Construction began the somewhat Spartan cockpit which consisted of a floor, sidewalls, multi-piece pilot’s seat, gunner’s ring mount/seat, instrument panel bulkheads and decals, along with several knobs, sticks and other miscellany. This was all sprayed interior green then given an oil wash in black and raw umber. The various boxes, knobs, and switches were painted black with silver and red details. In an attempt to improve the poor instrument panel decals, I first sprayed them with flat coat and then applied a small dot of Krystal Klear to each dial to simulate the glass covering. I fashioned belts from masking tape for both the pilot’s and gunner’s seats. The configuration of these harnesses is entirely fictional, but I’m very much the Impressionist when it comes to aircraft interiors.

One element which gave me trouble here was the gunner’s seat/ring mount. This assembly is rather fragile as the seat attaches to the ring via two thin rods which had very little contact surface, making it very difficult to align everything. Mine came out somewhat wonky, so I ended up gluing the seat-pan to the floor and sandwiching the ring mount between the sidewalls separately, once the machine guns went in, it was impossible to tell that anything was off.

 With the cockpit completed, it was enclosed between the two fuselage halves which went together without any problems.

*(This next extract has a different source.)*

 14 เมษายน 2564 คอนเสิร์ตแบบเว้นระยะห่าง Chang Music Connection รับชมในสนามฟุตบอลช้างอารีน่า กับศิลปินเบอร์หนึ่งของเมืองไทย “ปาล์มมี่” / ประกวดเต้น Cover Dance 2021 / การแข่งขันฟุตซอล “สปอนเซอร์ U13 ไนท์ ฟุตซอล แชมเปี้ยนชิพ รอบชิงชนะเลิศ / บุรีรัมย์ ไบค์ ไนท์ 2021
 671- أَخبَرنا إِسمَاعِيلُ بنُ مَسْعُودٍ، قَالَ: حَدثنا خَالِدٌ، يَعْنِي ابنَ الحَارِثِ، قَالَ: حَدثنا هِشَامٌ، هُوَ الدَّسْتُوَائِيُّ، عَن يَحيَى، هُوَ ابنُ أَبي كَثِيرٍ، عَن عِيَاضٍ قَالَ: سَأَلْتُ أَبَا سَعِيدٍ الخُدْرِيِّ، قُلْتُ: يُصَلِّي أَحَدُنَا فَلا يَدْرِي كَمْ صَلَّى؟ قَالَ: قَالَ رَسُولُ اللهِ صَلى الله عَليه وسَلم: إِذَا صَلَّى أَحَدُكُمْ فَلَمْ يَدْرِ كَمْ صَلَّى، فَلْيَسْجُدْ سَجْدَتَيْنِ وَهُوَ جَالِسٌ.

Do not do what I did and fill the seam on the panel immediately aft of the cockpit. On a real SBD, this is a set of doors which open down the center to allow the machine guns to be stowed inside the fuselage when not in firing position. Next I painted and attached the various parts of the motor, and assembled and painted the 1000lb (?) bomb. It was then time to fit the wings.

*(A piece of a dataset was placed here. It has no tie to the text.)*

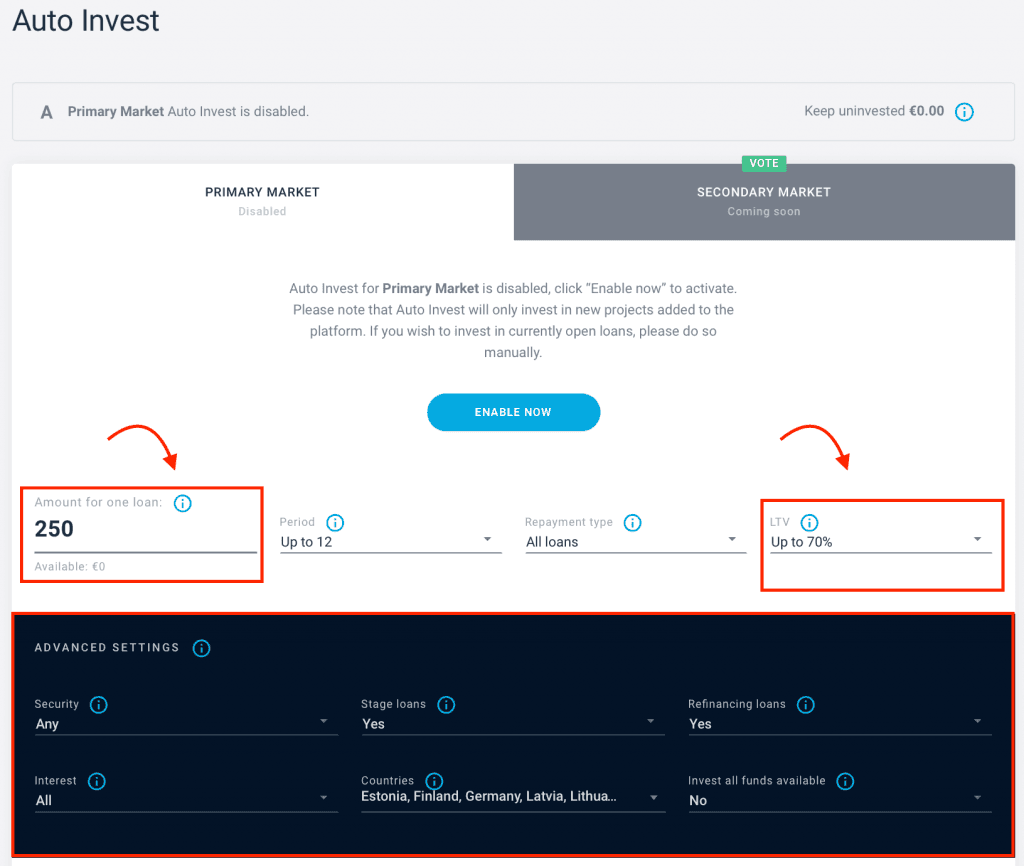 Okrem toho môžete nastaviť, že automatické investovanie sa bude spúšťať iba v prípade, ak sa na platforme objaví investícia s vami vopred určeným výnosom alebo lokalitou.

 Before the wings could be attached, and actually before I did any other real construction I had to do something about those awful dive-breaks. I contemplated buying an aftermarked set, but figured I had spent too much on the kit already, so I decided to begin drilling out each hole with my pin vise. I told myself I would do four holes at a time in well spaced sessions. Even with four at a time, this proved to be such a tedious venture, that I lost patience and pulled out the ol’ Black& Decker power drill. This made the going a lot easier, but the pressure exerted by the larger drill did cause the plastic around the holes to snap in a few locations. The ungainly tool also made aiming somewhat difficult resulting a few off-center perforations. These were small errors that were easily fixed with some strategically placed epoxy-putty. In the end, only one perforation on the bottom starboard break looked truly off. Well within allotted “screw-up” boundaries for me. After about four days of this nonsense, I had my breaks perforated and could assemble the wings. These went together without any further trouble and very neatly fit the fuselage. The horizontal stabilizers went on after the wings, and the engine cowl was temporarily fitted as well. I left it unattached at this stage to ease the installation of exhaust stubs after painting. Finally it came time to see what I could do about positioning the canopy open.

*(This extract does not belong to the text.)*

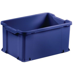 Stapelbare transportbak, Totale inhoud: 24 L, Totale hoogte: 145 mm, Totale breedte: 400 mm, Totale lengte: 600 mm, Bak kleur: Blauw, Model: 24, Inwendige lengte: 537 mm, Nuttige breedte: 358 mm, Nuttige hoogte: 140 mm, Type bodem: Gesloten, Type zijkant: Gesloten, Max. belasting: 25 kg, Max. statisch stapelvermogen: 500 kg, Materiaal: Polyethyleen van hoge dichtheid, Stapelbaar: ja, Special Covid-19: nee, Recyclebaar product: Ja - 100%, Gewicht: 1.8 kg, Min. gebruikstemperatuur: -20 °C, Max. gebruikstemperatuur: 30 °C, Gebruik voor voedsel: ja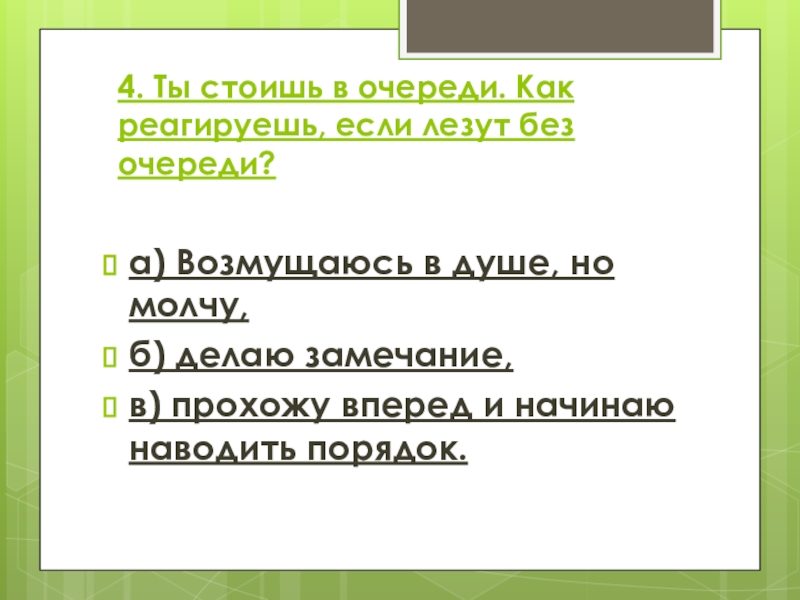 Слайд 134. Ты стоишь в очереди. Как реагируешь, если лезут без очереди?

 Hasegawa provides you with a single piece closed canopy, as well as a segmented one, but the segments are too thick to really position open. To get around this I sanded down the framing on the segment between the pilot and gunner until I was able to slide the pilot’s canopy over it. I then shaved down the base of the gunner’s canopy until it fit beneath the above mentioned piece. The very tail piece which should fit under everything else was left off, as there was no way to jam it under everything else. Way to go Hasegawa! The pieces were masked off with Tamiya tape and sprayed with interior green, followed by a shot of my home mixed USN medium blue.


All the options provided in the kit are intermediate blue over light-gray so I wanted to due something to break up the monotonous scheme. I sprayed the entire kit in black and then began to build up successive mist coats of Poly Scale Light-Grey on the bottom and Tamiya medium blue mixed with light-gray up top. Unlike typical preshading, I didn’t want a uniform light-center with dark edges within each panel, as this can look somewhat cartoonish if not done just right. Instead I went for a slightly more random effect, building up more paint in some panels than others, and generally trying to keep things lighter as I got to the upper surfaces. The result is not unlike traditional preshading, but its random nature makes it more natural in my opinion. And for me, this method is much easier than preshading along panel lines and then trying to maintain the same level of spray when filling in the spaces between them. Once dry, the model was given a coat of floor polish and decaled.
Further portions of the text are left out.